Does anyone have suggestion(s)?


----------



## Hasanaham (Dec 21, 2020)

Good Day Lex,
Do not despair and allow the stress of two events derail you. 

I am a certified Instructor with AAPC (09/2018) and I may be able to provide guidance on how to spend the next four weeks preparing for a successful relaunch of your HIM career.

Let's connect on LinkedIn: LinkedIn.com/IN/HasanahAM

Respectfully, Prof. Has'nah Abdul-Mani


----------



## SharonCollachi (Dec 21, 2020)

I was going to say "add to cart" works for me, but the above answer is better.


----------



## Orthocoderpgu (Dec 21, 2020)

They could have at least waited until Monday for Heavens sake!


----------



## lexvcarter (Dec 26, 2020)

c


Hasanaham said:


> Good Day Lex,
> Do not despair and allow the stress of two events derail you.
> 
> I am a certified Instructor with AAPC (09/2018) and I may be able to provide guidance on how to spend the next four weeks preparing for a successful relaunch of your HIM career.
> ...


Thank you Professor Hasanah, will do! 
I'm trying to come up with an organized plan as I need to find a job before my last pay stub.

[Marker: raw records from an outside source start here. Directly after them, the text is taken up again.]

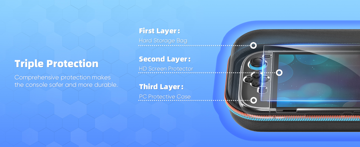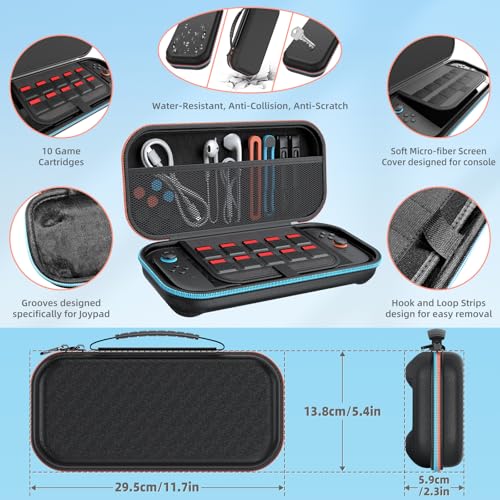 Switch 2 Carrying Case — Designed for protection and storage, convenient for travel. 1:1 molded internal grooves provides precise fit for the switch 2 console, preventing for Nintendo Switch 2 from moving around. The high-quality EVA outer hard shell protects the Switch from falling, while the soft internal material prevents scratches on the device. Mesh provides secure storage space for some small accessories, such as charging cables, earplugs, and 2 additional Joy Controller.
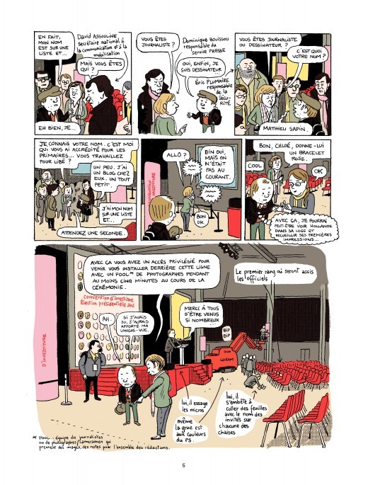 Mathieu Sapin (qui n'a rien à voir avec la famille du Ministre), dessinateur pour le journal Libération, a vécu la course à l'Elysée embarqué dans l'équipe de François Hollande. Il en tire une bande-dessinée riche en informations et anecdotes sur la dernière campagne présidentielle de 2012. Il y aura de nombreux déplacements sans compter les brèves rencontres avec le futur président entre deux meetings. L'auteur nous indique d'emblée qu'il ne connaît pas la politique et que son regard sera neutre. J'avais peur d'un certain amateurisme pour ceux qui aiment la politique. Il est vrai que Quai d'Orsay avait mis la barre assez haute. Or, le résultat est là: c'est un reportage sur les coulisses d'une campagne présidentielle fait avec sincérité. Les anecdotes sur cette aventure politique sont assez croustillantes. J'en connaissais la plupart en fin observateur de la vie politique mais pas toutes (comme la TV qui ne fonctionne pas à quelques minutes de l'annonce des résultats). La bd est sortie en mai 2012 dans la foulée de la victoire. On sait que depuis trois ans, beaucoup de choses ont changé. Cependant, certains détails préfigurant la suite étaient déjà visibles au niveau de ce qui s'est passé durant cette campagne. Bref, cela permet de comprendre car on va retrouver la même équipe au pouvoir. Un vrai régal !Le 19/03/2013 à 19:01:25
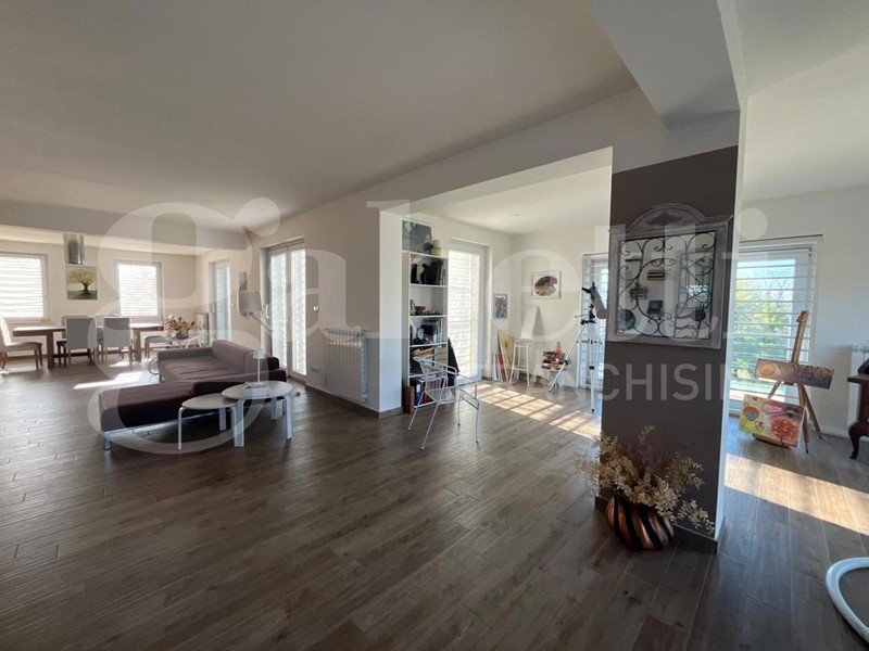 La proprietà, caratterizzata da un design moderno e comfortevole, si presenta con una superficie di 240 mq distribuiti su 2 livelli, più piano seminterrato di 110 mq.  Il piano rialzato è composto da ingresso su ampia zona living, soluzione resa ancor più particolare per le vetrate luminose e TERRAZZO che da affaccio sulla maestosa PISCINA INTERRATA, con zona pranzo open space e ripostiglio. La zona notte è composta da 3 camere da letto, di cui 1 con bagno in camera e bagno del piano.
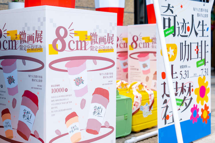 今年5月31日至8月31日,奉浦街道的爱心青年们与属地商铺合作,在8家咖啡店内为特殊儿童们举办了“微画展”,为孩子们搭建展示自我风采的舞台。“微画展”将惠敏学校学生的绘画作品及奉贤中专特教班学生提供的文字印制在8c㎡大小的杯套上,制成了1万个“限定款咖啡杯套”,由爱心咖啡店铺认领。咖啡店每售出一杯咖啡,就为特殊儿童捐出1元爱心善款。此外,辖区的爱心人士和爱心企业也通过捐款、捐物等方式参与了活动。
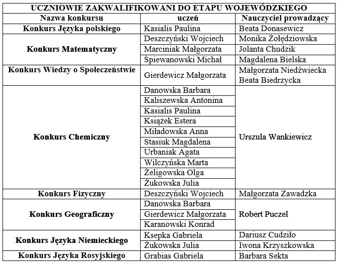 Ten rok szkolny jest wyjątkowy, bo w konkursach przedmiotowych (ETAP SZKOLNY) do boju o tytuł laureata licznie stanęli uczniowie klas drugich gimnazjum. Łącznie 133 uczniów naszego gimnazjum, ale wśród nich znaleźli się tacy, którzy wzięli udział w kilku konkursach: 13 osób – w dwóch konkursach, 5 osób – w trzech konkursach, 2 osoby – w czterech konkursach: Konrad Karanowski i Julia Żukowska, uczniowie klasy 3, w pięciu konkursach startowała Barbara Danowska – uczennica klasy 3, a rekordzistką okazała się uczennica klasy 2bG – Małgorzata Gierdewicz, bowiem zgłosiła się do siedmiu konkursów.
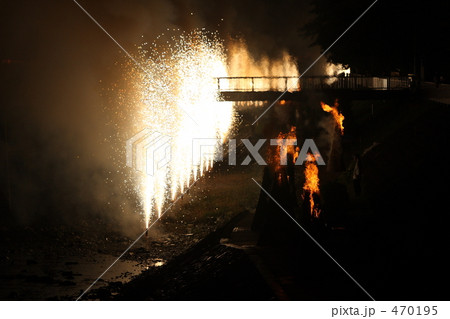 たいまつと仕掛け花火
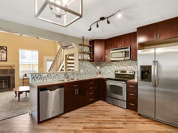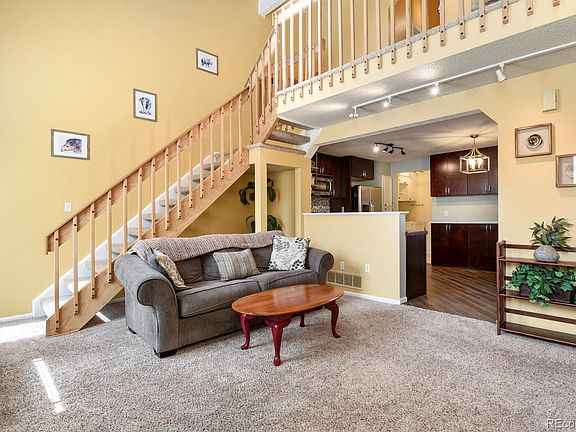 Beautiful home close to trails & parks. Nicely updated kitchen with upgraded cabs, stainless appls, pantry, wood floor, upgraded lighting & fixtures. Opens to living room with vaulted ceiling, skylights, fireplace with lovely decorative tile surround. Access to deck/yard area. Main floor laundry with cabs , washer & dryer included. Sunny upstairs loft is great spot for office or library, skylights. Master has vaulted ceiling, double closet, architectural niches, access to full bath. Second bedroom has vaulted ceiling, nice half moon window for extra light & niches above closet. The deck/yard area is great for relaxing, gardening & has back gate to greenbelt.

It's just hard finding a position without any certifications & only 4 years of experience under my belt.


----------



## lexvcarter (Dec 26, 2020)

cc


Orthocoderpgu said:


> They could have at least waited until Monday for Heavens sake!


Seriously! It's very disheartening.


----------



## aheardcpc (Dec 26, 2020)

lexvcarter said:


> c
> 
> Thank you Professor Hasanah, will do!
> I'm trying to come up with an organized plan as I need to find a job before my last pay stub. It's just hard finding a position without any certifications & only 4 years of experience under my belt.


Hi Lex, do you have any billing experience? If so, look for remote billing opportunities that may allow you to use your coding experience. There were a lot of those on indeed recently.


----------



## lexvcarter (Dec 27, 2020)

Yes, four years worth. Already ahead of ya. I’ve applied to about 35 jobs all together (LinkedIn, Glassdoor, Indeed, CareerBuilder, ZipRecruiter, Jobcase, Monster, WayUp, Nexxt and more.)
Thank you for helping.


----------



## aheardcpc (Jan 9, 2021)

lexvcarter said:


> Yes, four years worth. Already ahead of ya. I’ve applied to about 35 jobs all together (LinkedIn, Glassdoor, Indeed, CareerBuilder, ZipRecruiter, Jobcase, Monster, WayUp, Nexxt and more.)
> Thank you for helping.


Hi Lex, have you been successful with finding something?


----------



## lexvcarter (Jan 20, 2021)

aheardcpc said:


> Hi Lex, have you been successful with finding something?


Yes, I have!
I found a job as Director of Billing and Collections.


----------



## Herbie Lorona (Jan 22, 2021)

lexvcarter said:


> Yes, I have!
> I found a job as Director of Billing and Collections.


Congrats!!!


----------